Personalabbau in der Sanierung rechtssicher umsetzen
Personalabbau in der Sanierung greift gleichzeitig in Insolvenzrecht, Betriebsverfassungsrecht und Arbeitsrecht ein. Wer die Zusammenhänge kennt, vermeidet persönliche Haftung und Verfahrensfehler.
Ein Unternehmen in der Krise, zu wenig Aufträge, zu hohe Personalkosten. Für viele GmbH-Geschäftsführer beginnt die Sanierung mit einer schmerzhaften Erkenntnis: Der Betrieb lässt sich nur retten, wenn die Belegschaft schrumpft. Was sich betriebswirtschaftlich klar anfühlt, ist rechtlich ein Minenfeld. Insolvenzrecht, Betriebsverfassungsrecht und Kündigungsschutz greifen gleichzeitig ineinander. Wer einen Schritt falsch setzt, haftet persönlich.
Dieser Beitrag zeigt, welche Regeln gelten, welche Schwellenwerte entscheidend sind und wie Geschäftsführer den Prozess so strukturieren, dass er standhält.
Warum Personalabbau in der Sanierung einer eigenen rechtlichen Logik folgt
Personalabbau ist im Sanierungskontext kein isolierter Schritt. Er berührt drei Rechtsgebiete, die jeweils eigene Fristen, Pflichten und Haftungsrisiken mitbringen. Das Insolvenzrecht bestimmt, ob und wann ein Antrag gestellt werden muss und welche Zahlungen noch erlaubt sind. Das Betriebsverfassungsrecht regelt, wann der Betriebsrat beteiligt werden muss und was passiert, wenn das unterbleibt. Das Arbeitsrecht legt fest, unter welchen Voraussetzungen betriebsbedingte Kündigungen wirksam sind.
Hinzu kommt: Der Sanierungsweg selbst bestimmt den Rahmen. Die außergerichtliche Einigung mit Gläubigern, etwa über Vergleiche oder Neufinanzierungen, kommt ohne gerichtliches Verfahren aus. Das StaRUG-Verfahren setzt drohende Zahlungsunfähigkeit voraus, also die Situation, in der das Unternehmen voraussichtlich nicht in der Lage sein wird, mehr als 90 Prozent seiner bestehenden Zahlungspflichten zum Fälligkeitszeitpunkt zu erfüllen (§ 18 Abs. 2 InsO). Das klassische Insolvenzverfahren nach der InsO greift, wenn Zahlungsunfähigkeit oder Überschuldung bereits eingetreten ist. Jeder dieser Wege bringt unterschiedliche Spielregeln für Personalmaßnahmen mit sich.
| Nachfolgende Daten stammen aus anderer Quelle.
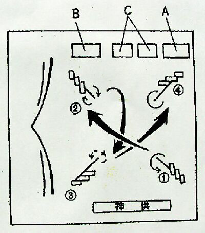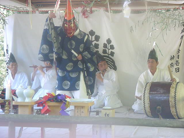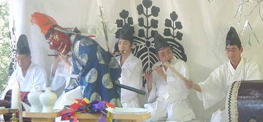 土地を祓い固め神を鎮めまつる舞。 舞手は鳥兜をかぶり、目が大きく鼻の高い朱色の面を付け、 狩衣を着る。右手に扇を持ち、腰に刀をさし、4本の白い御幣束を背負う。扇で顔を伏せるようにして 登場した後、正面に向かって足を大きく広げ腰を落とし、両手を腰に当て、 深々と2回拝礼をして 舞に入る。まず「扇 三番」(さんば)を行う。これは、扇を翳しながら顔を左右に動かし、 同時に足で舞台を左右の順に強く踏むものである。これを3回繰り返した後、「幣束三番」を行う。 これは、背から御幣束を1本取り、左手でそれを立て、右手の人さし指で天と御幣束を順に指さし、 その回りを片足で跳び回る。これを2回繰り返した後、御幣束を外側に向けて倒すものである。 残り3本の御幣束も同様に倒す。4本全て倒し納めると舞は終わり、登場のときと同様に拝礼をして退 く。演技時間は約20分である。 |

Worauf baut ein tragfähiges Sanierungskonzept auf?
Bevor Personalabbau rechtlich sauber umgesetzt werden kann, braucht es eine belastbare Grundlage. Der Standard IDW S 6 des Instituts der Wirtschaftsprüfer beschreibt, was ein Sanierungskonzept leisten muss: Es muss mit überwiegender Wahrscheinlichkeit zeigen, dass das Unternehmen saniert werden kann. Dieses Kriterium ist zugleich maßgeblich für die insolvenzrechtliche Fortbestehensprognose nach § 19 Abs. 2 InsO, also die Frage, ob eine Überschuldung vorliegt.
In der Praxis gliedert sich ein Projekt zur Erstellung eines Sanierungsgutachtens nach IDW S 6 in drei Phasen. Zunächst die Fortbestehensprognose, für die in der Fachliteratur ein Zeitrahmen von rund zwei Wochen genannt wird. Dann das eigentliche Sanierungsgutachten mit Konzept, das sechs bis acht Wochen in Anspruch nimmt. Abschließend die Sicherstellung der Finanzierung, wofür zwei bis vier Wochen veranschlagt werden. Diese Zeitangaben sind keine gesetzlichen Fristen, sondern spiegeln einen in der Praxis beschriebenen Ablauf wider.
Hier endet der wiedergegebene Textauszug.